Clutterbuck & Ors v HSBC PLC & Ors, Ch D (David Richards J), 02/10/2015

D was awarded costs on the indemnity basis where C had failed more than once to provide a satisfactory draft of its proposed amended particulars of claim which included allegations of fraud, and where C had issued a notice of discontinuance one day before D's application to strike out the claim was to be heard.
The Court held that allegations of fraud were serious, and if they failed at trial costs should be awarded on the indemnity basis. If a claimant served a notice of discontinuance in a claim where allegations of fraud had been made, it was appropriate for the court to adopt the same approach. Applying Jarvis PLC v PricewaterhouseCoopers [2001] B.C.C. 670, fraud allegations which had been discontinued would generally justify costs on the indemnity basis.

Summary of Recent Cases - Civil Procedure

Halfords Media (UK) Ltd & Ors v Ponomarjovs (2015) Ch D (Newey J) 02/10/2015

A without prejudice email sent by an employee to his former employer that threatened blackmail lost its protection and was admitted in evidence in committal proceedings.

C, D's former employer, applied for without prejudice communication to be admitted in committal proceedings. D had emailed C accusing the company of criminal conduct and stating that D would post C's conditional information on various sites if C did not cooperate. C submitted that the email should be admitted as D's conduct amounted to blackmail and/or other impropriety, relying on Unilever Plc v Procter & Gamble Co [2000] 1 W.L.R. 2436.

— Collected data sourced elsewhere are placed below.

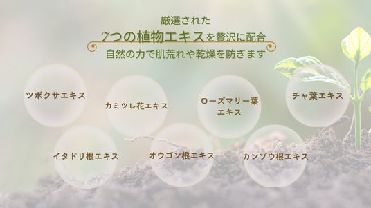 '' 7種の植物エキス+植物オイルが肌をつややかにサポート ''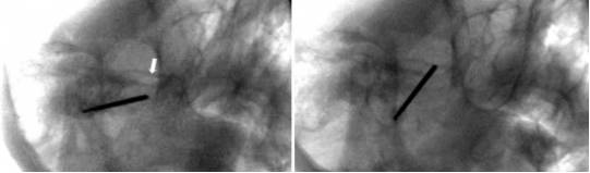 图12. X线斜位图示针尖恰好位于骨孔后方(左图,白箭头);微调后确认穿刺针在骨孔内(右图)。
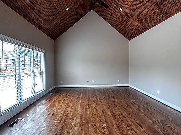 This beautiful 1593 sq ft new construction features 3 bedrooms and 2 full baths in a well established neighborhood. The home sits on a 3/4 acre lot. Hardwood flooring milled from an Amish workshop in Ethridge, Tennessee runs throughout. The vaulted ceiling in the great room displays a gorgeous wood ceiling and plenty of natural lighting. Off the great room you can go outside to your patio for grilling or just relaxing. Back inside, the kitchen features granite countertops with a large breakfast bar for additional seating, raised panel cream cabinets, custom tile backsplash and is equipped with stove, dishwasher and microwave. The master bath has a double vanity, large separate shower and a soaking tub. Large laundry room when you enter from the 2 car garage with plenty of room for storage.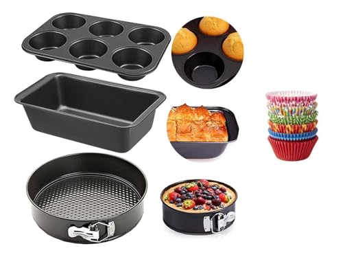 Package Contents: 4 in1 Cake Making Set – Round Shape Cake Mould, Bread Loaf Pan, 6 Slot Muffin Tray, & 100 Pcs Paper Cake Cup Liners I Material: Carbon Steel & Paper I Color: Black & Multicolor I Bake ware Combo for Professionals and Home Bakers I Enjoy cake baking and decorating very easy and convenience I Easy to Clean.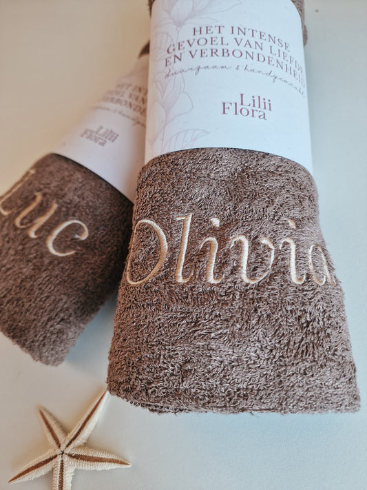 AanbiedingHanddoek luxe bamboe met naam | Earth brown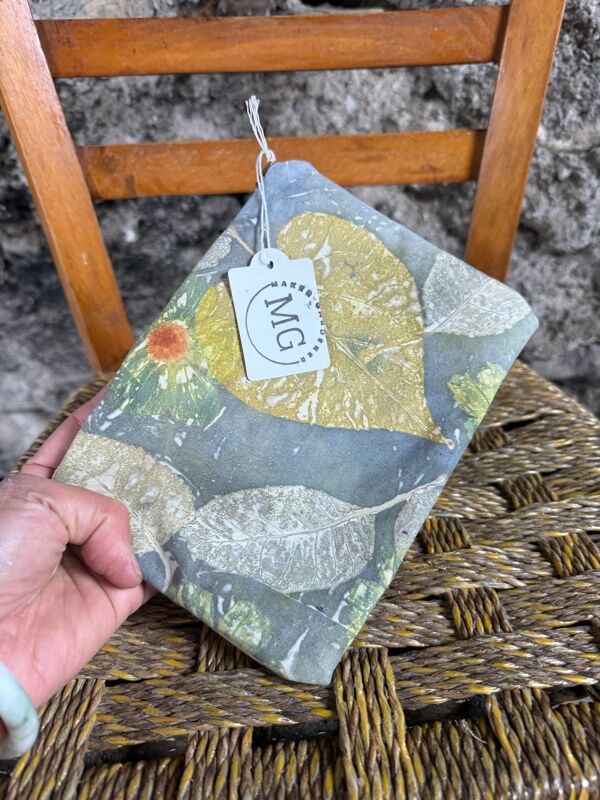Leaves were locally foraged to produce the prints. I grow the flowers myself in my garden. It does take time to create natural prints as first, the lining fabric needs to be scoured, mordanted and then processed. The leather needs to be pretreated before printing. Then, later on, the fabric is washed to remove any excess dye that is produced during the printing process. This process can take up to 3 days due to the preparation of the final product stages. All these steps are done locally in London, where I am currently based.

Hallows v Wilson Barca LLP, Ch D (John Jarvis QC) 10/09/2015

C's solicitor's failure to disclose to a local authority when seeking pre-planning advice that the pre-planning advice was being sought in the context of litigation meant that the solicitor had waived litigation privilege and accepted that the advice provided could come into the public domain through the operation of the Freedom of Information Act 2000.

The Court held that the advice was prima facie protected by litigation privilege, but where a solicitor sought advice from a local authority, the solicitor should bear in mind that local authorities had duties under the Act to provide information to the public. Although the Act provided for an exemption for information protected by legal professional privilege, the local authority had been given no indication that the advice was sought for the purposes of litigation and so the privilege had been waived.